1. Field of the Invention
The present disclosure relates to a crystal structure of a protein-DNA binary complex. More particularly, the disclosure relates to the crystal structure of a human topoisomerase II (hTOPII)-DNA binary complex and its uses for identifying candidate compounds exhibiting inhibitory effects toward hTOPII, specifically, the cc and (3 form of hTOPII.
2. Description of Related Art
DNA topoisomerases (TOPs) are enzymes that change DNA topology by catalyzing the passage of DNA strands across each other. There are two well-characterized classes of topoisomerases, type I topoisomerase (TOPI) and type II topoisomerase (TOPII). TOPI acts by breaking and religating one DNA strand, while TOPII involves double-strand breaking. These enzymes play key roles in DNA replication, transcription, and recombinant repair. In particular, TOPII is highly expressed in rapidly proliferating cells and is therefore an attractive target for the development of antitumor drugs.

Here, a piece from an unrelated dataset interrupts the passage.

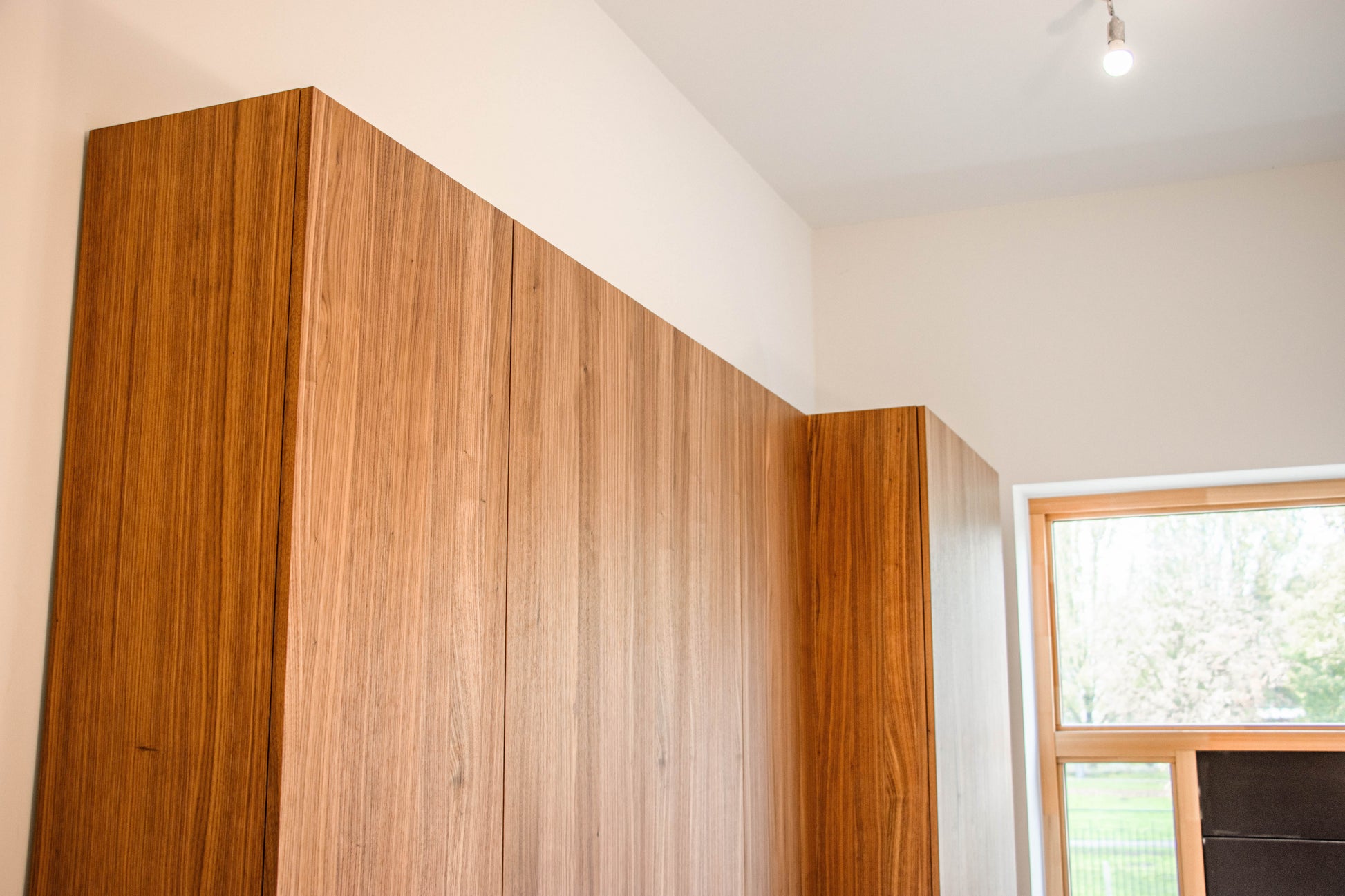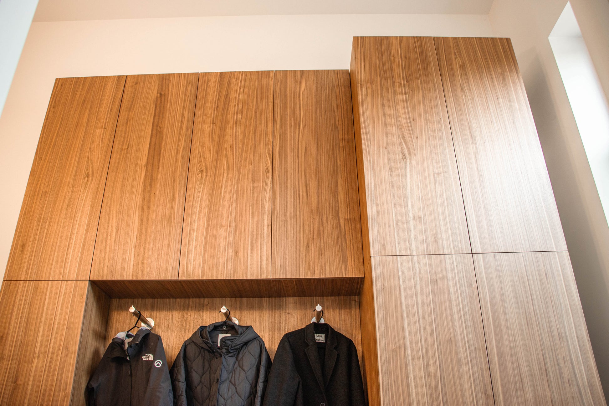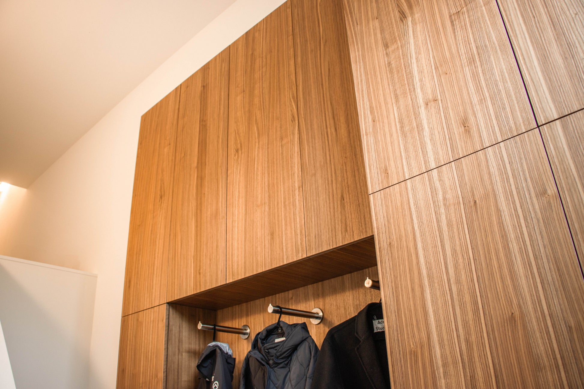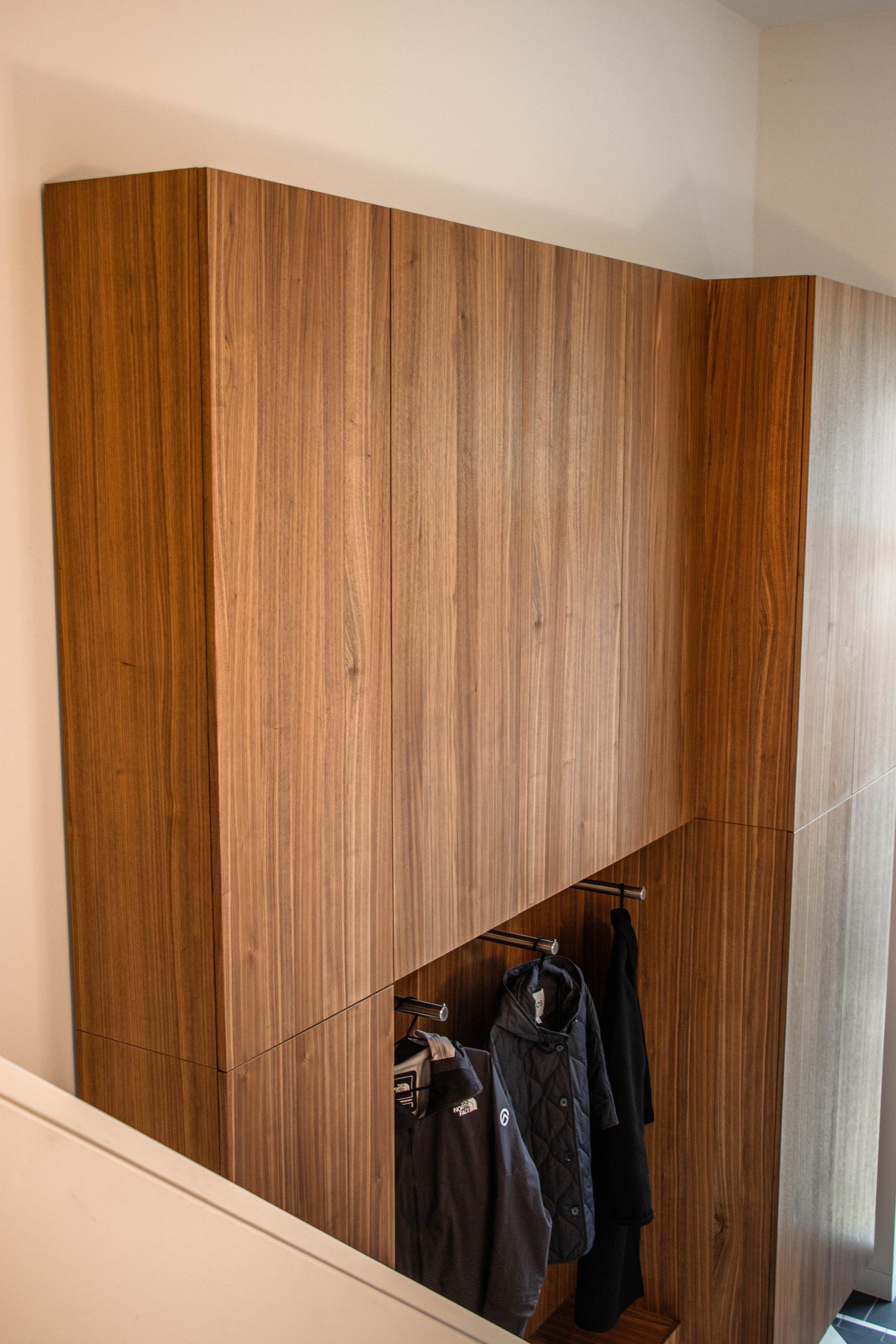 In deze stijlvolle entree in Amsterdam hebben we een op maat gemaakte wandkast gerealiseerd. De kast is vervaardigd uit warm notenhoutfineer en vormt een strak, functioneel geheel dat perfect aansluit op de ruimte en architectuur van de woning.

TOPIIs are two-fold symmetric enzymes that alter DNA topology by transiently cleaving a pair of opposing phosphodiester bonds four base pairs apart via the formation of two reversible 5′-phosphotyrosyl linkages, thereby generating a TOPII-DNA cleavage complex that harbors a double-stranded DNA break. Under physiological conditions, these TOPII-DNA cleavage complexes are normally short lived intermediates in the catalytic cycle of the enzyme. Passage of a second DNA segment through this TOPII-DNA cleavage complex and its resealing complete the topological change of the DNA. The DNA cleavage activity of TOPII is known as a double-edged sword; failure to reseal the enzyme-mediated DNA break can lead to permanent DNA damage followed by cell death.
There are two general classes of TOPII-targeting drugs: TOPII poisons and TOPII catalytic inhibitors. TOP II poisons include etoposide (VP-16), doxorubicin, amsacrine (mAMSA) and mitoxantrone. These compounds serve to stabilize the TOPII-DNA cleavage complex thereby increasing the steady-state levels of cleavage complexes. Hence TOPII poisons convert TOPII into a physiological toxin that creates DNA double-strand breaks in the genome of treated cells. The catalytic inhibitors, on the other hand, block the catalytic activity of DNA-TOPII cleavage complex by preventing the binding of the enzyme to DNA rather than stabilizing the DNA-TOPII cleavage complex. Examples of catalytic TOPII inhibitors include novobiocin, dexrazoxane (ICRF-187) and GSK 299423.
Crystallography is a powerful tool for investigating the interactions among protein, DNA, and drugs. In this disclosure, crystal structures of the DNA-binding and cleavage core of hTOPII (hTOPII core domain; hTOPIIcore) in complexes with DNA and antitumor drugs were used to obtain high resolution and homogeneous crystal structure of binary TOPIIcore-DNA cleavage complex, which is useful for constructing a high throughput screening platform for identifying candidate compounds having inhibitory effects toward hTOPII. As such, potential lead compound having anti-tumor effects may be identified and subsequently being developed into an anti-neoplastic medicine.